- [Work to be completed]
Reproduce every line of the data, exactly and without its pictures.

====== Records for this exercise ======

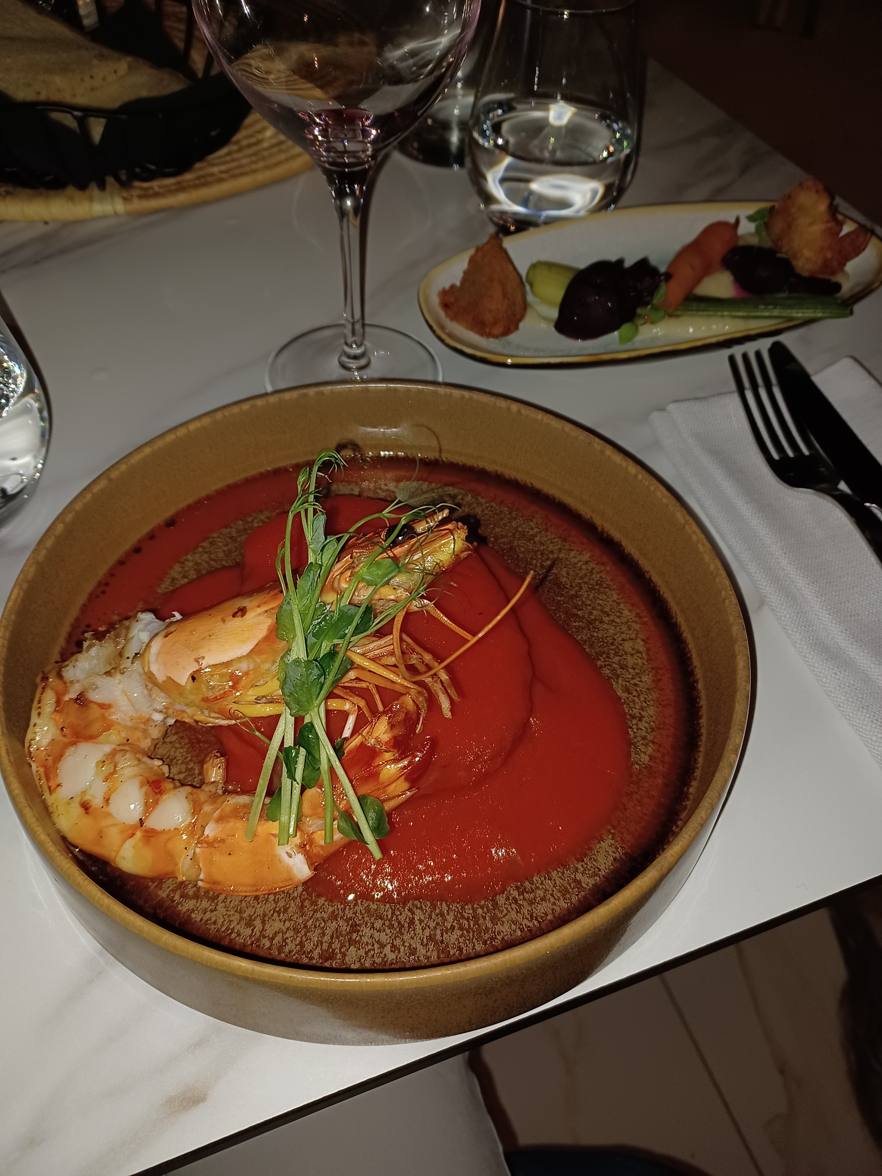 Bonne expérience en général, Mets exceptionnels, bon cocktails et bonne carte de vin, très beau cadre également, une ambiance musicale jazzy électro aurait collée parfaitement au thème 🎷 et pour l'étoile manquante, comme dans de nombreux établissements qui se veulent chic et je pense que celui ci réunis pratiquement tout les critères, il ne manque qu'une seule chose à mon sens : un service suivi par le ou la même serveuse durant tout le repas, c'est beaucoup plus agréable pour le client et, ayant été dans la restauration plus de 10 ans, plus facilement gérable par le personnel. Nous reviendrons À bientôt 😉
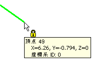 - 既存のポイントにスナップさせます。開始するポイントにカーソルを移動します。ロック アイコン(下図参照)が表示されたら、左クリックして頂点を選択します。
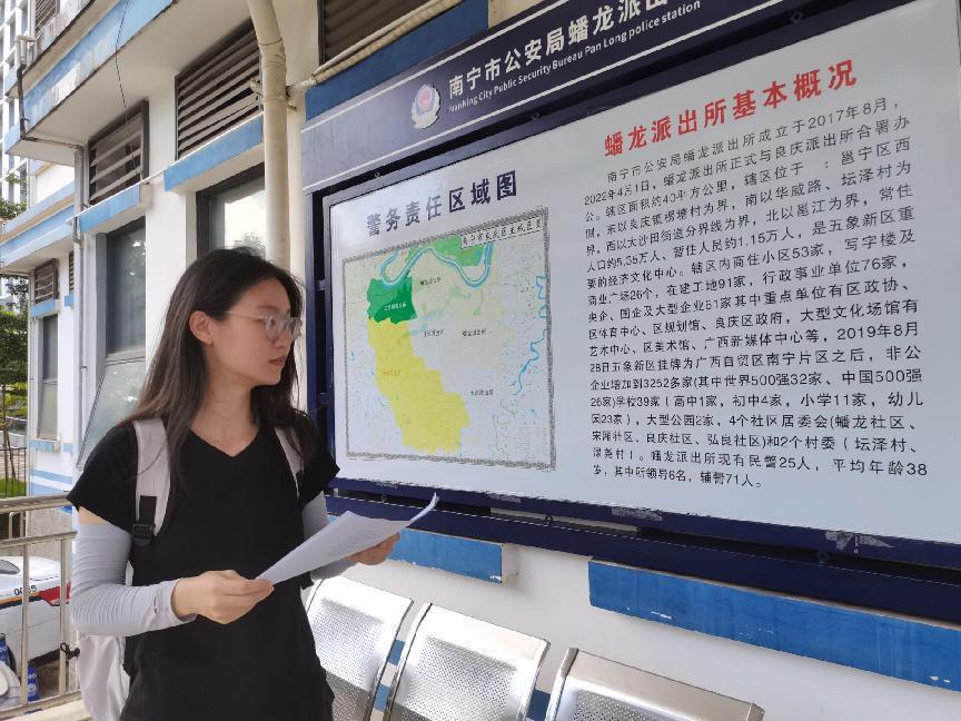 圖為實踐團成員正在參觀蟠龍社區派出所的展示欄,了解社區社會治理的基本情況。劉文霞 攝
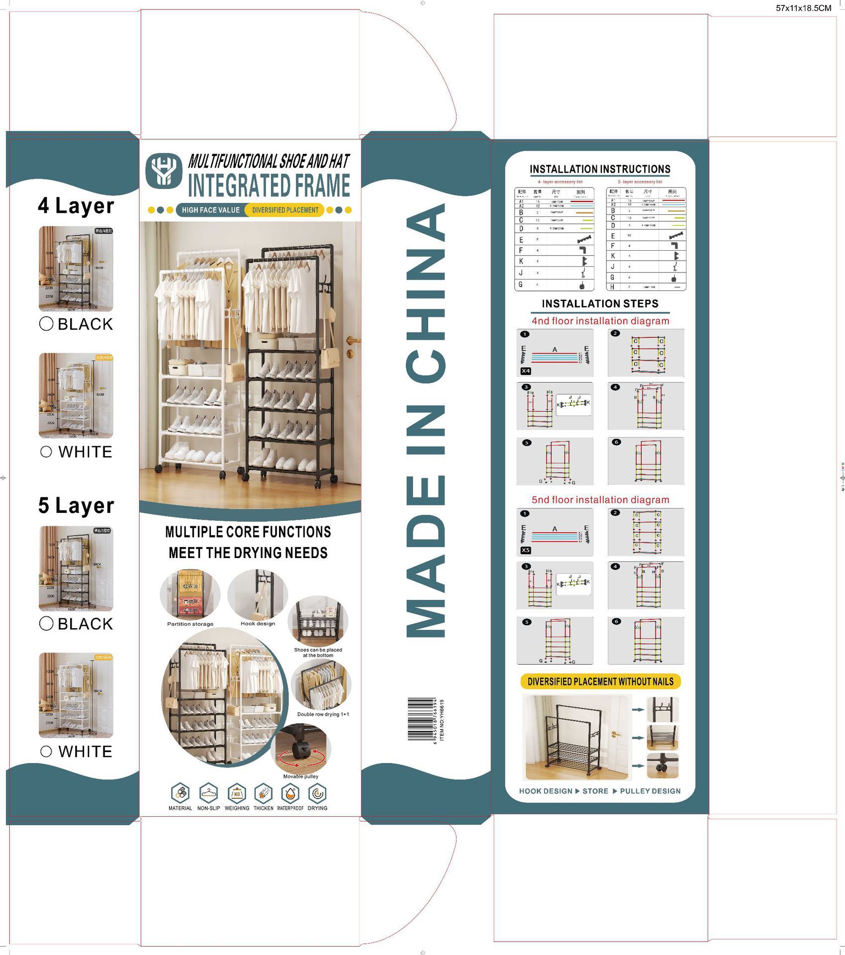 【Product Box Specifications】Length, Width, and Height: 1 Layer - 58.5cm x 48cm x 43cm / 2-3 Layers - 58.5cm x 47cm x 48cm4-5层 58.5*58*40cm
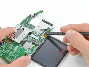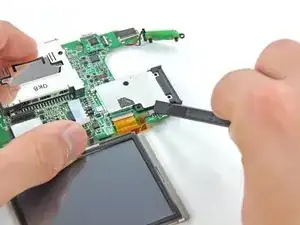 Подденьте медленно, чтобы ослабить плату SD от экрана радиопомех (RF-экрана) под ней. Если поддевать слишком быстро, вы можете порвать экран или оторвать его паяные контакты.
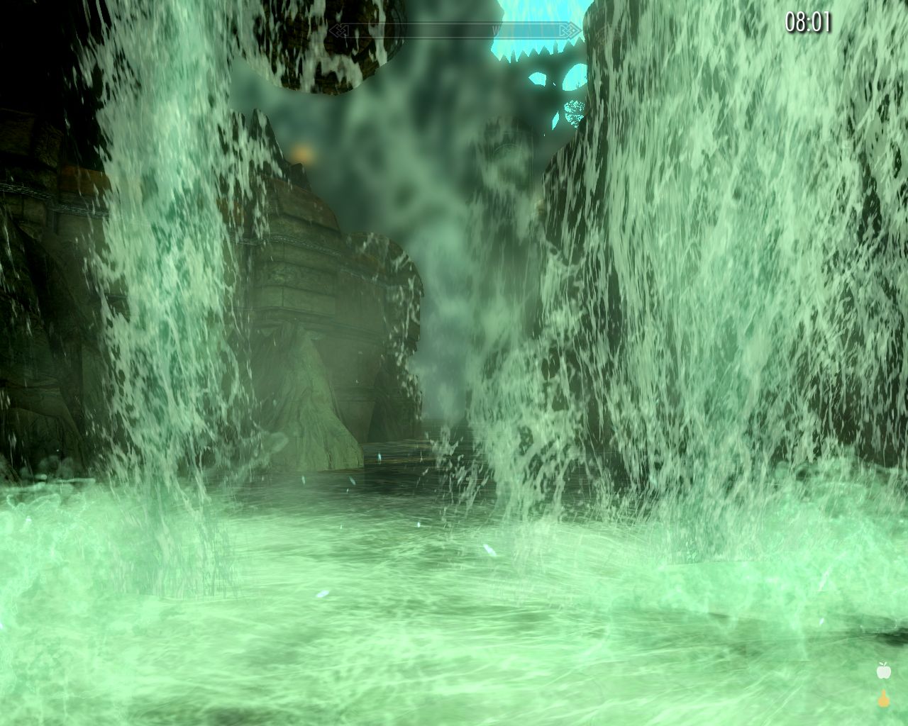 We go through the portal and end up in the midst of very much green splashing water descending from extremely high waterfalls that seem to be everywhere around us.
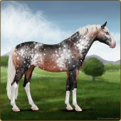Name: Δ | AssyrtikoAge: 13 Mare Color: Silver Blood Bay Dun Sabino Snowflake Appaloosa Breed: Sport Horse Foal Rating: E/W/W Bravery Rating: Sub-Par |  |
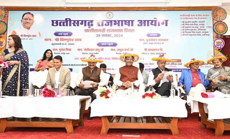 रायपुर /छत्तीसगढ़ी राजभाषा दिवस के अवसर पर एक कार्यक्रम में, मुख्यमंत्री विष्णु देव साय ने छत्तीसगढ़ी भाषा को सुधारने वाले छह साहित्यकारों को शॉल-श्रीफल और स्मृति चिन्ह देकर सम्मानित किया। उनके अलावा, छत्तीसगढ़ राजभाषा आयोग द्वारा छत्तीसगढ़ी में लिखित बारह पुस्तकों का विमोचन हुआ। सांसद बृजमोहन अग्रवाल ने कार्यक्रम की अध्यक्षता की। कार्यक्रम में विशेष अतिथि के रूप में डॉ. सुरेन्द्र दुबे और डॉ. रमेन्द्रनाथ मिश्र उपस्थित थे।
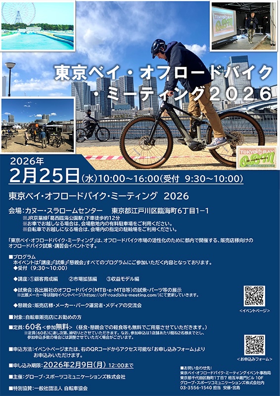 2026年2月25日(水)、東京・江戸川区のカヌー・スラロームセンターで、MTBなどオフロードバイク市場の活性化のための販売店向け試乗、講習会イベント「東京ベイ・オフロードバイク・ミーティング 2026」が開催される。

======

- [Result below]
 Bonne expérience en général, Mets exceptionnels, bon cocktails et bonne carte de vin, très beau cadre également, une ambiance musicale jazzy électro aurait collée parfaitement au thème 🎷 et pour l'étoile manquante, comme dans de nombreux établissements qui se veulent chic et je pense que celui ci réunis pratiquement tout les critères, il ne manque qu'une seule chose à mon sens : un service suivi par le ou la même serveuse durant tout le repas, c'est beaucoup plus agréable pour le client et, ayant été dans la restauration plus de 10 ans, plus facilement gérable par le personnel. Nous reviendrons À bientôt 😉
 - 既存のポイントにスナップさせます。開始するポイントにカーソルを移動します。ロック アイコン(下図参照)が表示されたら、左クリックして頂点を選択します。
 圖為實踐團成員正在參觀蟠龍社區派出所的展示欄,了解社區社會治理的基本情況。劉文霞 攝
 【Product Box Specifications】Length, Width, and Height: 1 Layer - 58.5cm x 48cm x 43cm / 2-3 Layers - 58.5cm x 47cm x 48cm4-5层 58.5*58*40cm
 Подденьте медленно, чтобы ослабить плату SD от экрана радиопомех (RF-экрана) под ней. Если поддевать слишком быстро, вы можете порвать экран или оторвать его паяные контакты.
 We go through the portal and end up in the midst of very much green splashing water descending from extremely high waterfalls that seem to be everywhere around us.
Name: Δ | AssyrtikoAge: 13 Mare Color: Silver Blood Bay Dun Sabino Snowflake Appaloosa Breed: Sport Horse Foal Rating: E/W/W Bravery Rating: Sub-Par |  |
 रायपुर /छत्तीसगढ़ी राजभाषा दिवस के अवसर पर एक कार्यक्रम में, मुख्यमंत्री विष्णु देव साय ने छत्तीसगढ़ी भाषा को सुधारने वाले छह साहित्यकारों को शॉल-श्रीफल और स्मृति चिन्ह देकर सम्मानित किया। उनके अलावा, छत्तीसगढ़ राजभाषा आयोग द्वारा छत्तीसगढ़ी में लिखित बारह पुस्तकों का विमोचन हुआ। सांसद बृजमोहन अग्रवाल ने कार्यक्रम की अध्यक्षता की। कार्यक्रम में विशेष अतिथि के रूप में डॉ. सुरेन्द्र दुबे और डॉ. रमेन्द्रनाथ मिश्र उपस्थित थे।
 2026年2月25日(水)、東京・江戸川区のカヌー・スラロームセンターで、MTBなどオフロードバイク市場の活性化のための販売店向け試乗、講習会イベント「東京ベイ・オフロードバイク・ミーティング 2026」が開催される。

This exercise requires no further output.